• _Required work_
Line by line, transcribe the data below exactly and pass over the images.

[Collected data entries]
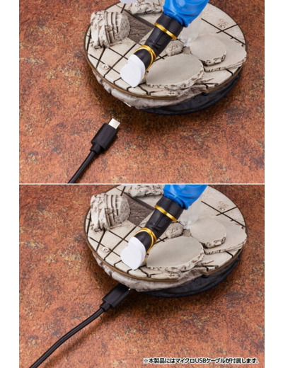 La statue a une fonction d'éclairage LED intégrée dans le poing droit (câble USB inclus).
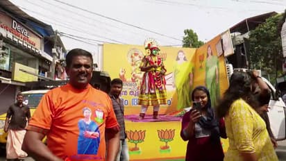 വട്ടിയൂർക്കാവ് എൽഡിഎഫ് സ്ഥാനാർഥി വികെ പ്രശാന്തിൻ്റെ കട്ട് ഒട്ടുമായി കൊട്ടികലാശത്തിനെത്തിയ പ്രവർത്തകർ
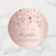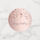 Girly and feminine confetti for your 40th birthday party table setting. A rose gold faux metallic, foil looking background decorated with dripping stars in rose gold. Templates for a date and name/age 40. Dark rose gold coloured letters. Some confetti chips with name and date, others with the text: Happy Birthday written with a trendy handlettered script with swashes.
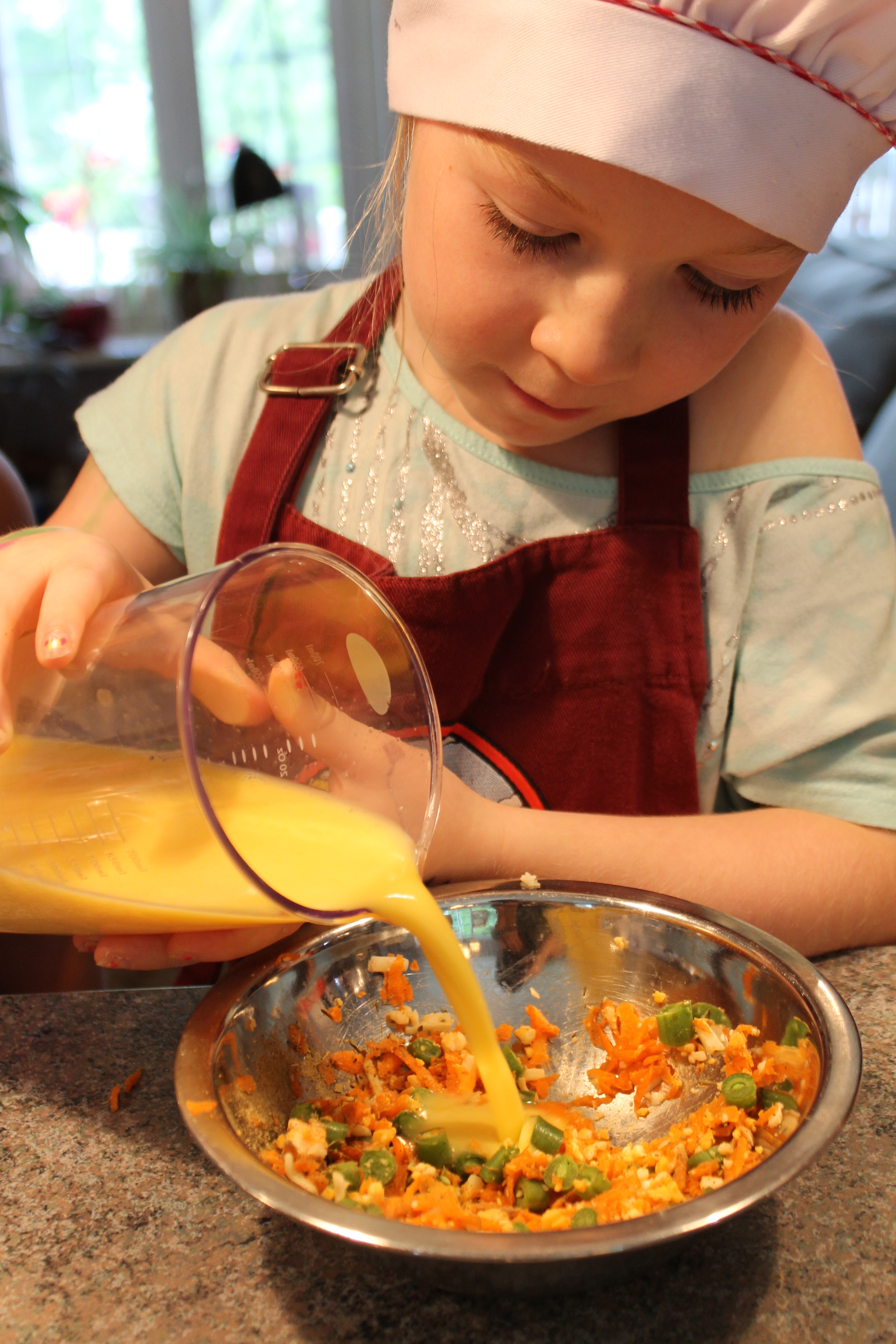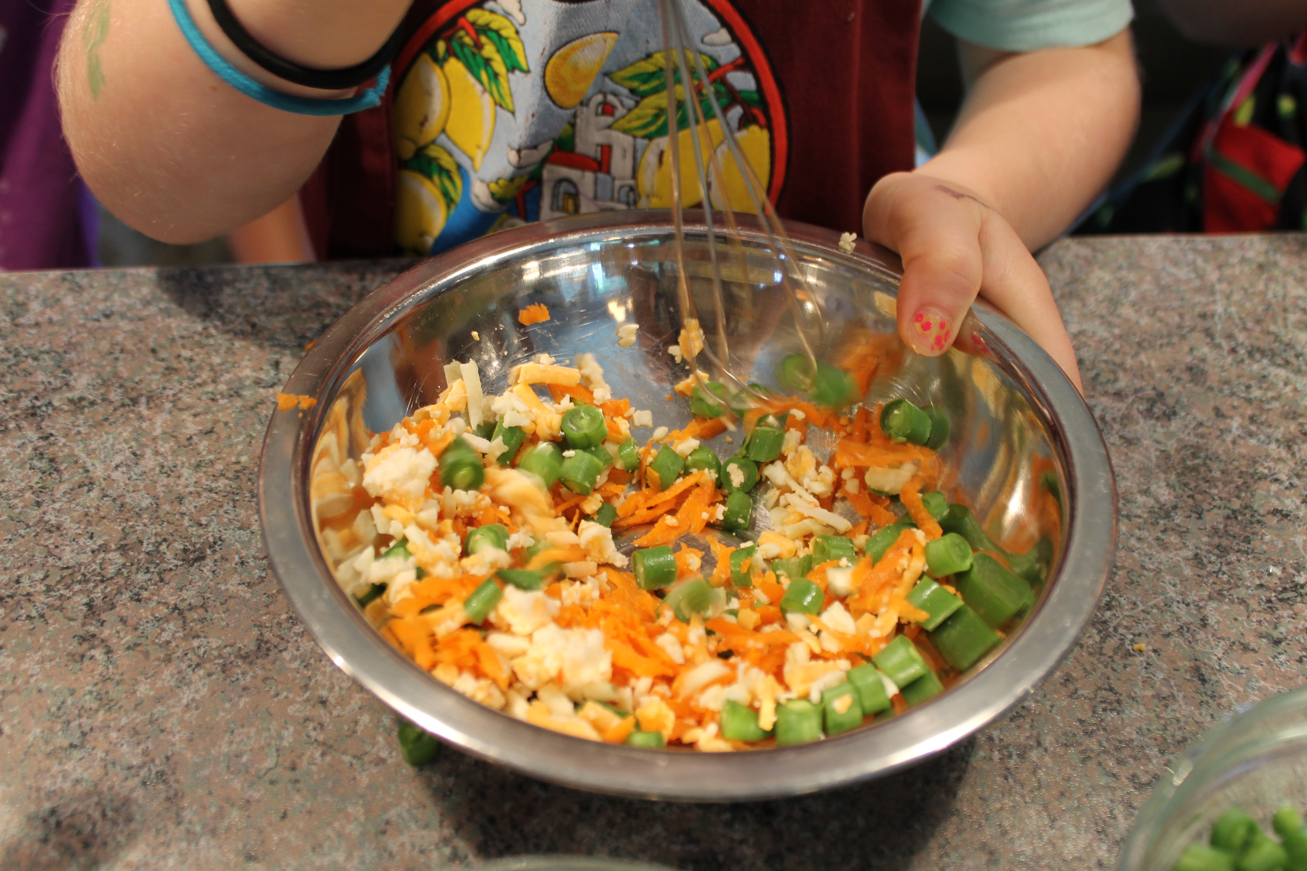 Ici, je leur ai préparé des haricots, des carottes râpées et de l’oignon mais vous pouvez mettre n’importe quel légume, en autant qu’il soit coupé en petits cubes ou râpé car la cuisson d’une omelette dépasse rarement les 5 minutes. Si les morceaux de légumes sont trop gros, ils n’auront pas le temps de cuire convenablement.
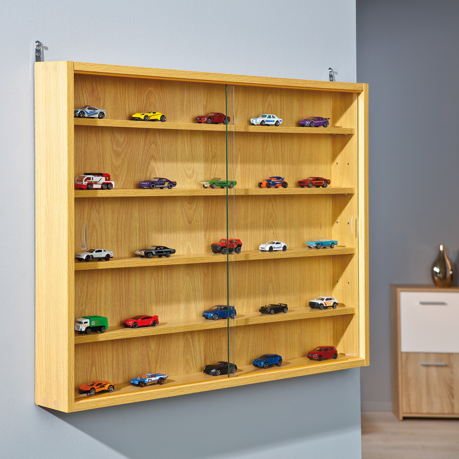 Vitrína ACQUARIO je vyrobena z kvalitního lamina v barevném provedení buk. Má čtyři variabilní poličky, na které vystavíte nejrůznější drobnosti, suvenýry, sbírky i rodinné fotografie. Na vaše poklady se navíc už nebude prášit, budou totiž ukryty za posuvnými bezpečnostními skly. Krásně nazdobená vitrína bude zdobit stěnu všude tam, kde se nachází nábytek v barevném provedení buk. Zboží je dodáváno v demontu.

• _Final answer_
 La statue a une fonction d'éclairage LED intégrée dans le poing droit (câble USB inclus).
 വട്ടിയൂർക്കാവ് എൽഡിഎഫ് സ്ഥാനാർഥി വികെ പ്രശാന്തിൻ്റെ കട്ട് ഒട്ടുമായി കൊട്ടികലാശത്തിനെത്തിയ പ്രവർത്തകർ
 Girly and feminine confetti for your 40th birthday party table setting. A rose gold faux metallic, foil looking background decorated with dripping stars in rose gold. Templates for a date and name/age 40. Dark rose gold coloured letters. Some confetti chips with name and date, others with the text: Happy Birthday written with a trendy handlettered script with swashes.
 Ici, je leur ai préparé des haricots, des carottes râpées et de l’oignon mais vous pouvez mettre n’importe quel légume, en autant qu’il soit coupé en petits cubes ou râpé car la cuisson d’une omelette dépasse rarement les 5 minutes. Si les morceaux de légumes sont trop gros, ils n’auront pas le temps de cuire convenablement.
 Vitrína ACQUARIO je vyrobena z kvalitního lamina v barevném provedení buk. Má čtyři variabilní poličky, na které vystavíte nejrůznější drobnosti, suvenýry, sbírky i rodinné fotografie. Na vaše poklady se navíc už nebude prášit, budou totiž ukryty za posuvnými bezpečnostními skly. Krásně nazdobená vitrína bude zdobit stěnu všude tam, kde se nachází nábytek v barevném provedení buk. Zboží je dodáváno v demontu.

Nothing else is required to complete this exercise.